===== Input for this task

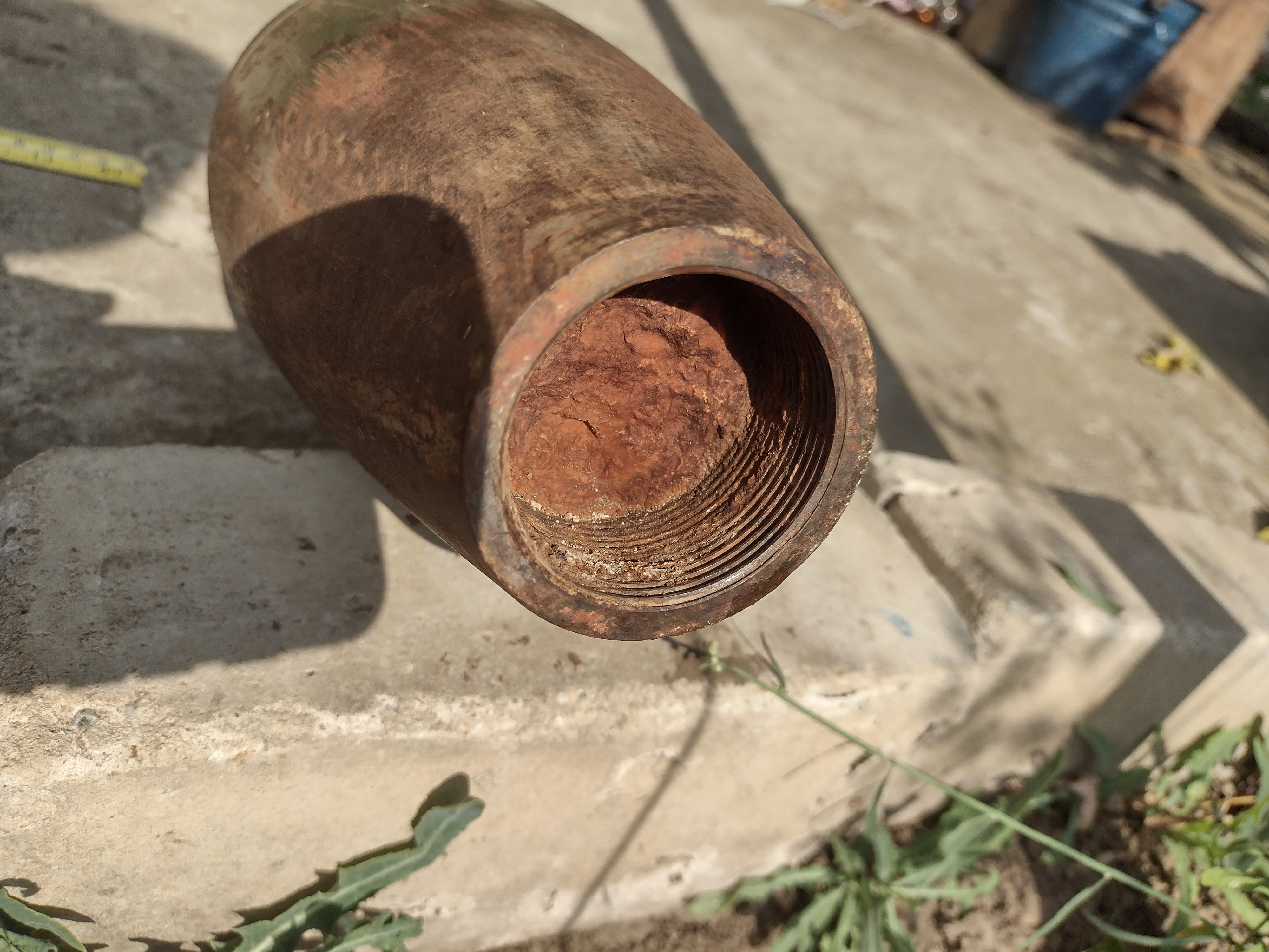 подскажите ещё что за вундервафля к нам прилетела, опознать не могу, пояска нет диаметр толстой части 118,5 мм длина 47 см в дне крупная резьба под стабилизатор, взрывак, вообще уникальный с кучей сквозных отверстий, с ноны нифига непохоже
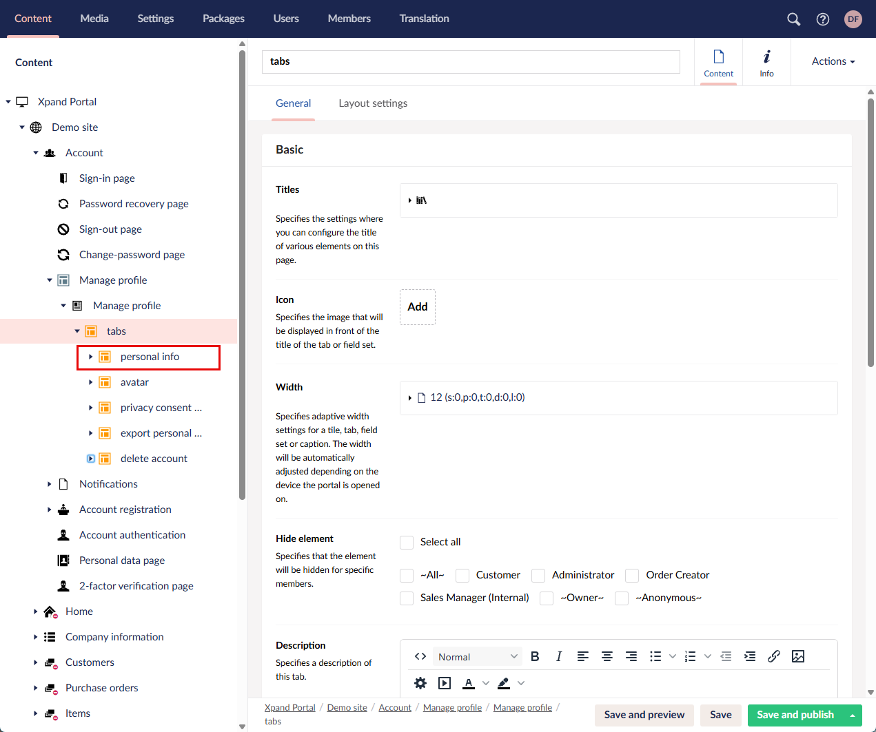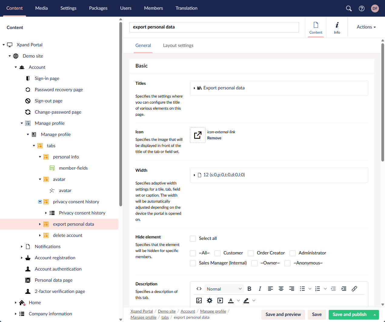 Member personal data page. - On the General tab, in the Description field, you can enter text that will be displayed on the Export personal data tab of the Manage account page. For example: "Select the 'Export my data' action to retrieve the data that the portal stores about you."
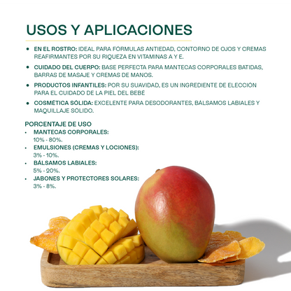 La Manteca de Mango (Mangifera Indica Seed Butter) es una grasa vegetal semisólida, extraída del hueso del mango, altamente valorada en cosmética por su textura suntuosa, no pegajosa y su elegante absorción. Su perfil equilibrado de ácidos grasos (Esteárico y Oleico) junto a una rica fracción insaponificable (fitoesteroles y antioxidantes) le confiere excelentes propiedades emolientes y regeneradoras. Posee un punto de fusión bajo (31 °C−39 °C), derritiéndose al contacto con la piel para formar una barrera protectora que nutre y previene la pérdida de humedad. A diferencia de otras mantecas, ofrece una hidratación profunda sin dejar sensación pesada, siendo ideal para mantecas corporales batidas, bálsamos labiales y acondicionamiento capilar ligero.
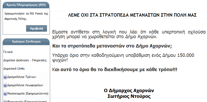 Το άνοιγμα του κέντρου μεταναστών στην Αμυγδαλέζα «αποτελειώνει την πόλη» αναφέρει σε ανακοίνωσή του ο δήμος Αχαρνών, εξαπολύοντας επίθεση κατά του υπουργού Προστασίας του Πολίτη Μιχάλη Χρυσοχοΐδη. «Ο κύριος «δεν πρόλαβα να διαβάσω», χτυπάει μια πόλη, στην οποία η εγκληματικότητα και τα ναρκωτικά είναι είδη πρώτης κυκλοφορίας, αλλά ο ίδιος έκανε πως δεν τα είδε όπως και οι πολυπράγμονες σύμβουλοι και αξιωματικοί του. Δυστυχώς, όσους και να φέρει σε 2-3 μέρες, δεν είναι αποτελεσματικός ο εν λόγω κύριος. Απλά δημιουργεί άλλη μια εστία του προβλήματος. Κοροϊδεύει τον ελληνικό λαό, ρίχνει στάχτη στα μάτια των ψηφοφόρων της Β Αθηνών και αποτελματώνει μια περιοχή ήδη υποβαθμισμένη».Στην ιστοσελίδα του Δήμου, το πρώτο πράγμα που βλέπει κανείς, όταν την επισκέπτεται είναι:
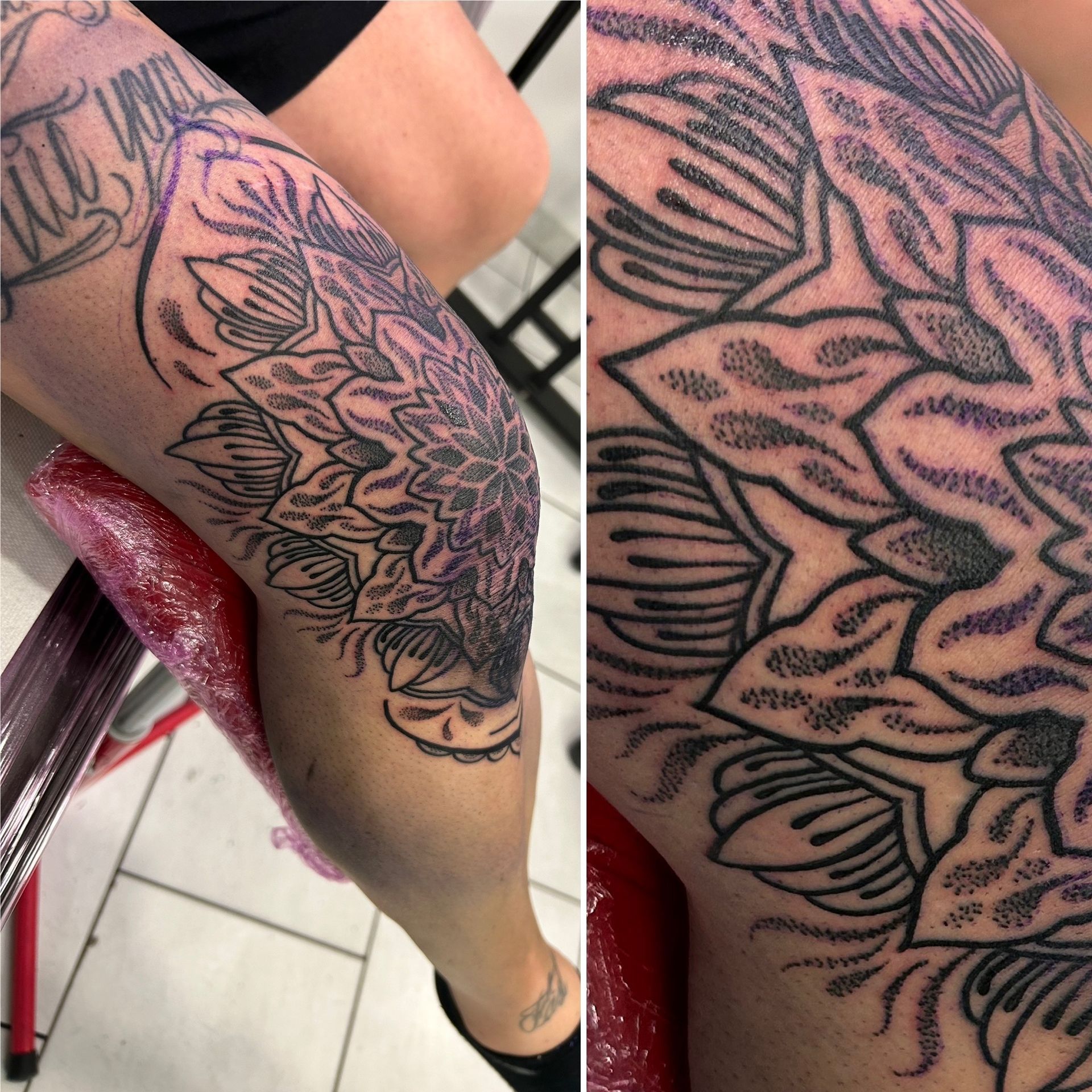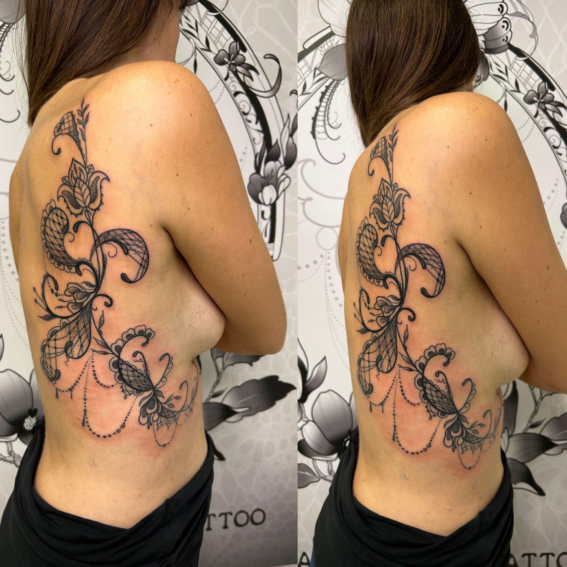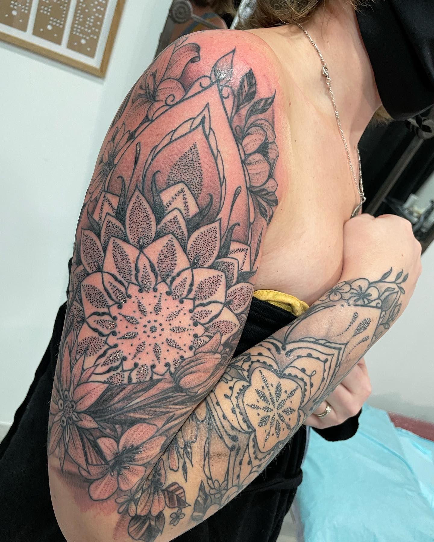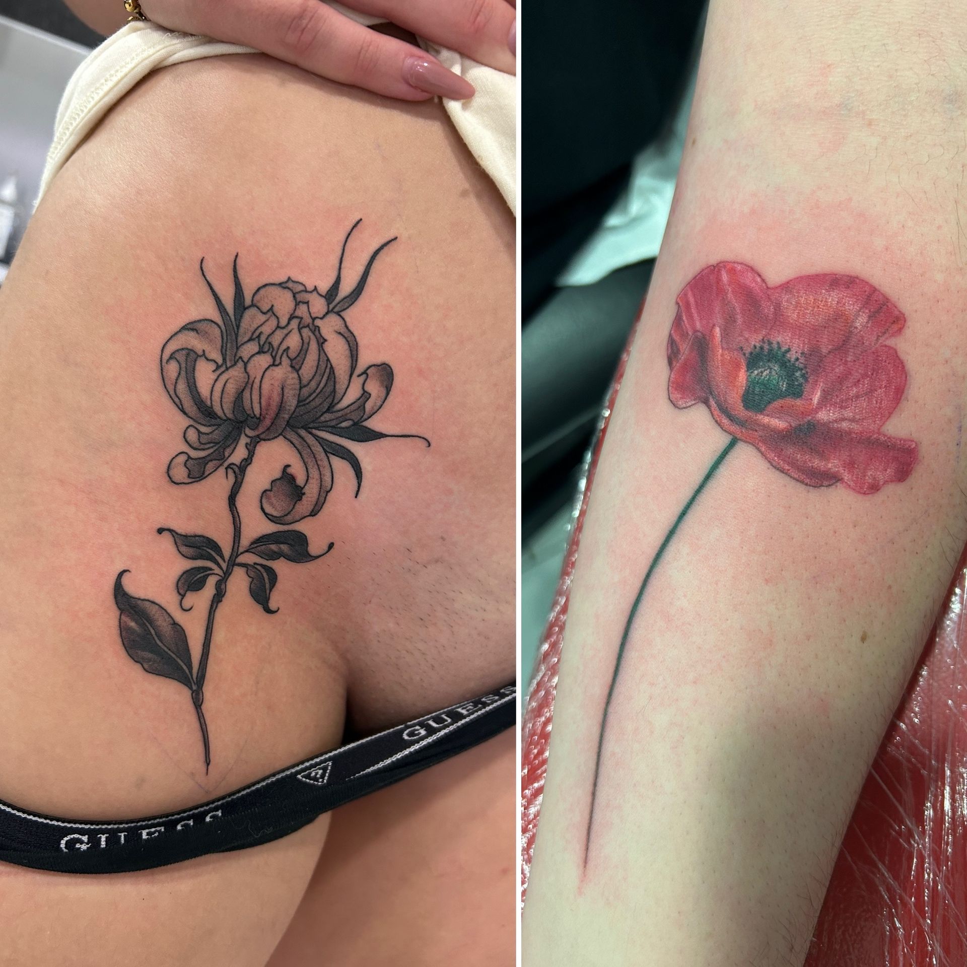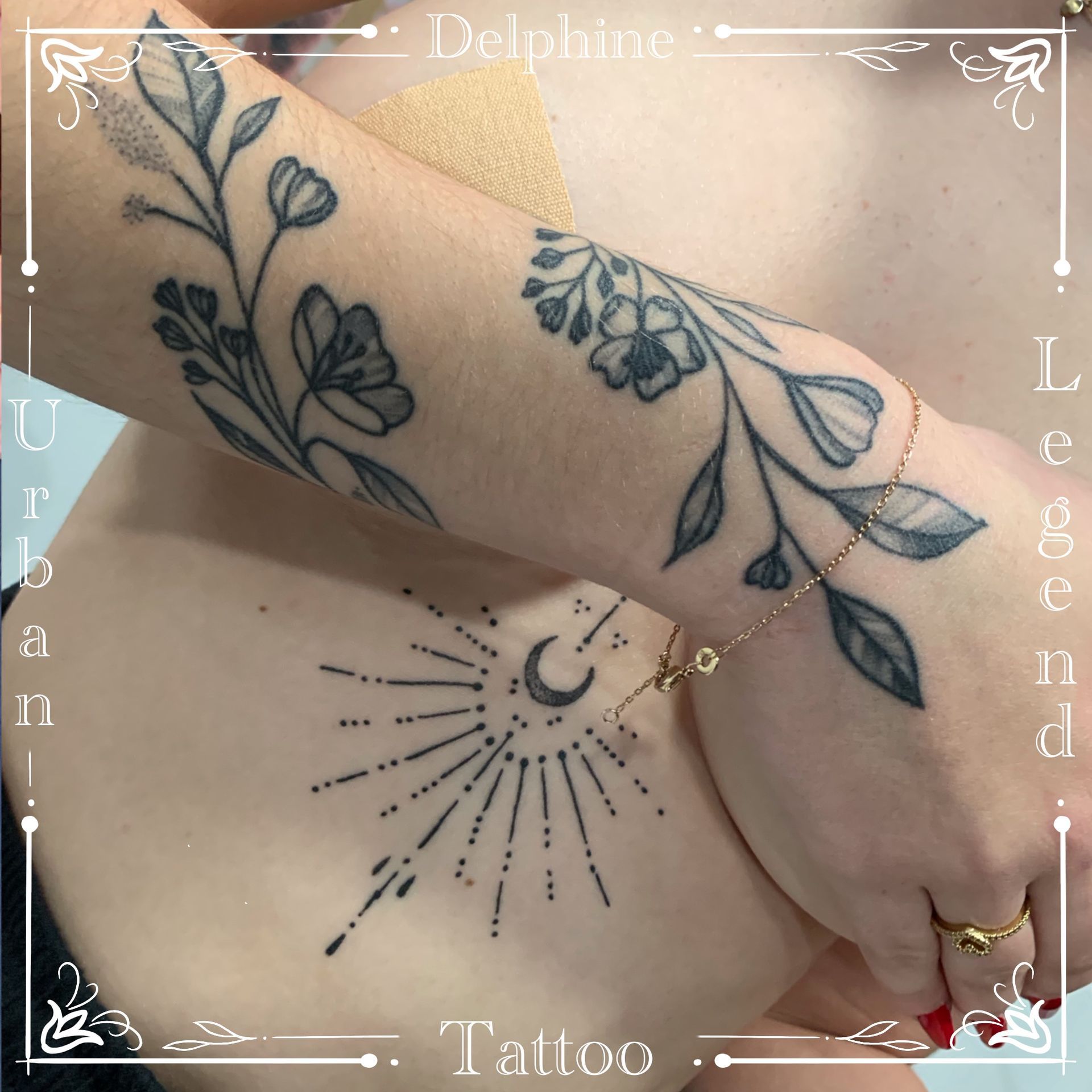 Tatoueuse depuis 12 ans, Delphine propose un univers très girly orné de fleurs et de dentelle aux tendances réalistes, mais aussi un travail d'inspiration mandala en dot, en noir ou en couleur.

==========

▶ _The task_: Nothing but the lines from the first line of the data above through the line holding "Member personal data" may appear in the response, copied exactly and without pictures.

▶ _Solution to this task_:
 подскажите ещё что за вундервафля к нам прилетела, опознать не могу, пояска нет диаметр толстой части 118,5 мм длина 47 см в дне крупная резьба под стабилизатор, взрывак, вообще уникальный с кучей сквозных отверстий, с ноны нифига непохоже
 Member personal data page. - On the General tab, in the Description field, you can enter text that will be displayed on the Export personal data tab of the Manage account page. For example: "Select the 'Export my data' action to retrieve the data that the portal stores about you."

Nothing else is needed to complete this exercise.